When the locals in Vermont and northern New Hampshire were being romanced by large corporations to allow wind projects and their unsightly towers to be installed on our northern ridges, the PR men from the heavily subsidized “green” companies seduced us and our tradesmen with promises of many well-paying jobs in the construction of the four-armed behemoths. The reality is considerably different from the promises.
Ironworkers Local 7 leveled criticism at developers of the 16-turbine, $90 million project in Sheffield and a 33-turbine project in Dummer, N.H. A labor union complained Wednesday that large wind-power projects in northern Vermont and New Hampshire are bypassing local iron workers, bringing in out-of-state crews and undermining the projects’ hoped-for benefits for the local economies. Michael Morelli, Vermont business agent and industry analyst with Ironworkers Local 7, said, “”That’s not economic development. That’s not in the state’s best interest. Shawn Cleary, Local 7′s business agent in New Hampshire, expressed similar disappointment.”They made a lot of promises about how this is going to bring local jobs to local people … We thought they would be fair and equitable to [our people].”
So much for promises and our gullible expectations. During Vermont Public Service Board hearings on the Sheffield project, an economist hired by First Wind, the corporate giant handling the project, told the board the project would likely generate 83 jobs during the construction phase. John Lamontagne, a PR flack for First Wind, said that as of Wednesday this week, more than 100 people were working on the project, and that number was expected to peak at 160 to 170 before the work is completed later this year. Right now, there are only two local hires out of the 100 workers. One is a security guard; the other’s job escaped Lamontagne’s memory when we talked to him. Lamontagne said his company had to hire much more experienced iron workers from Utah because Vermonter iron workers don’t really know how to do the high level jobs. He dittoed the policies of several other non-local-hiring corporations on other windmill projects.
Here’s what else he had to say when he, by accident, copied one of our reporters on a supposed-to-be private e-mail to another huckster, “Not sure if you saw the story, today [the union complaints cited above]. A local rag is now picking it up. Wants to talk to you. Her e-mail is…….”
When our reporter challenged Lamontagne on his professed disdain for locals, he apologized. We suspect for fear of being outed.

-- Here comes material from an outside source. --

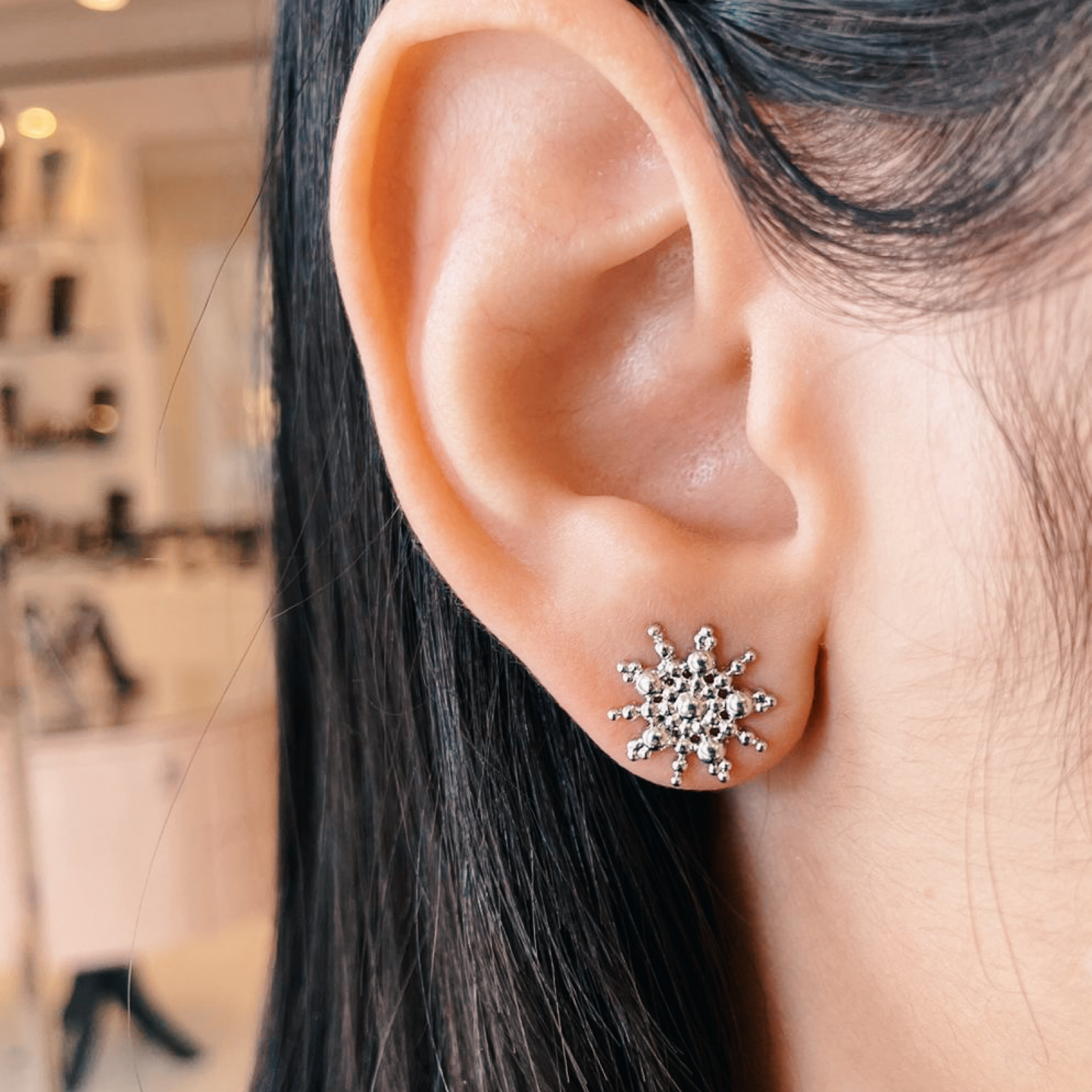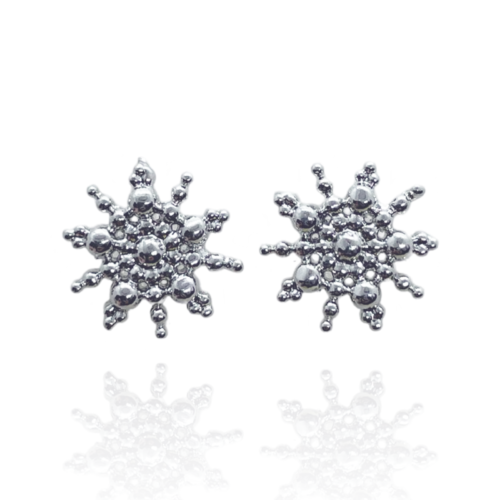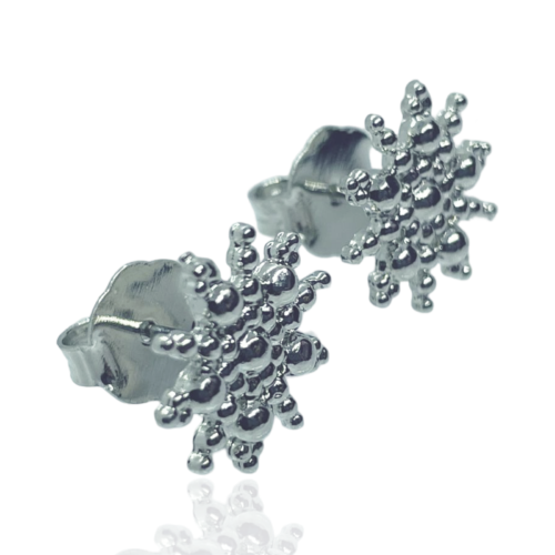 Brinco semijoia banho ródio. Bottom tipo flor, todo em bolinhas, sem cravação. Niquel free

Here, then, is how the big shots from the big city corporations really feel about us “locals.” The local paper is “a rag.” The local tradesmen are incompetent in jobs that require a high level of skill. The promises of good jobs and a local economic boost were insincere sales pitches, or worse, intentional deceptions. And the level of corporate respect for the “locals” is somewhere between little and none.